Code Unknown (2000)

This is Haneke in peak form—made up of more than forty vignettes shot in long takes that combine to give us a fragmentary sense of what it feels like to live in a multi-racial yet racist, technological yet incommunicable post-2000s world.    

Rating: 5 out of 5.

Review #2,172

Dir. Michael Haneke
2000 | France | Drama | 117 mins | 1.85:1 | French, Romanian & other languages
PG (passed clean) for some sexual references

Cast: Juliette Binoche, Thierry Neuvic, Josef Bierbichler
Plot: On a busy Paris boulevard, a youth scornfully tosses a crumpled paper bag into the outstretched hands of a beggar woman. This is the bond which, for an instant, links several very different characters: an actress, a war photographer, a farmer, a music teacher, and an immigrant.
Awards: Won Prize of the Ecumenical Jury & Nom. for Palme d’Or (Cannes)
International Sales: MK2

Accessibility Index
Subject Matter: Moderate – Society, Communication, Racism, Immigrants
Narrative Style: Complex – Vignettes
Pace: Slightly Slow
Audience Type: General Arthouse

Viewed: Criterion Blu-ray
Spoilers: No


His first film produced in France, Code Unknown is Michael Haneke in peak form. 
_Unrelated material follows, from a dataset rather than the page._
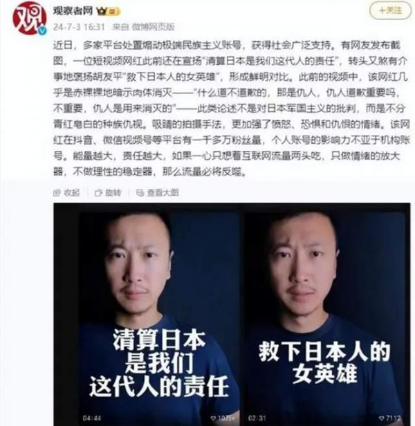 打着“爱国的旗号”,动不动对别人“喊打喊杀”,好像一切都是理所应当的,在互联网上鼓动网友们的仇恨。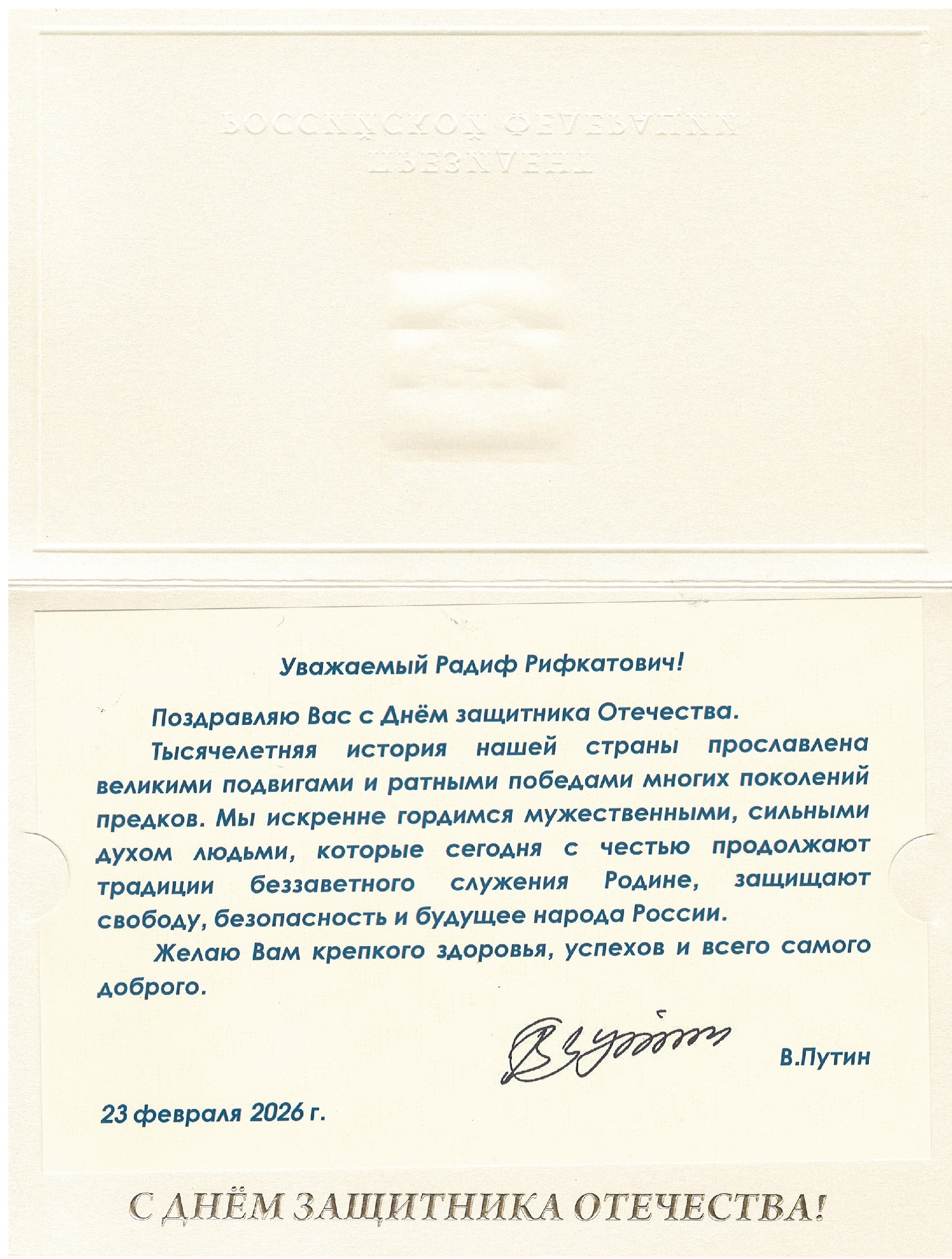 Поздравляю Вас с Днём защитника Отечества.

Made up of more than forty vignettes shot in methodical long takes that cut to black just when things start to get interesting, the film is an evocative depiction of a fragmented post-2000s world, where it is multi-racial yet racist, technological yet incommunicable. 

People speak, scream, chatter, insult, yet few words are meaningfully communicated, and most things fall on deaf ears.  Perhaps this is why Haneke had chosen to bookend his film with shots of a child communicating through sign language and action. 

Perhaps this is also why he employed loud, sustained rhythmic drumming in both diegetic and non-diegetic ways in a strategic part of the film—an extraordinary, sensorial montage sequence right up there as one of the great Haneke moments. 

“Tell me. Is there a single person you have made happy?”

Juliette Binoche headlines a cast of diverse ethnicities in a layered meta-cinematic performance, playing an actress whose professional and personal lives converge.  Her character is one of many in the film, with the lives of immigrants and racial minorities a key theme. 

Haneke builds their stories around a street fracas that sparks the narrative, but his rigourous filmmaking style doesn’t bow down to the viewer, asking us to take part actively in constructing the interlinking lives of these characters, and the scenarios they are ‘put through’ for us (or for some director). 

The cinema of Haneke can be challenging to process, but Code Unknown is less confrontative by his standards, though it is no less potent than any other film he had done up till this point.  It is also a great place to start for those unfamiliar with his style and preoccupations.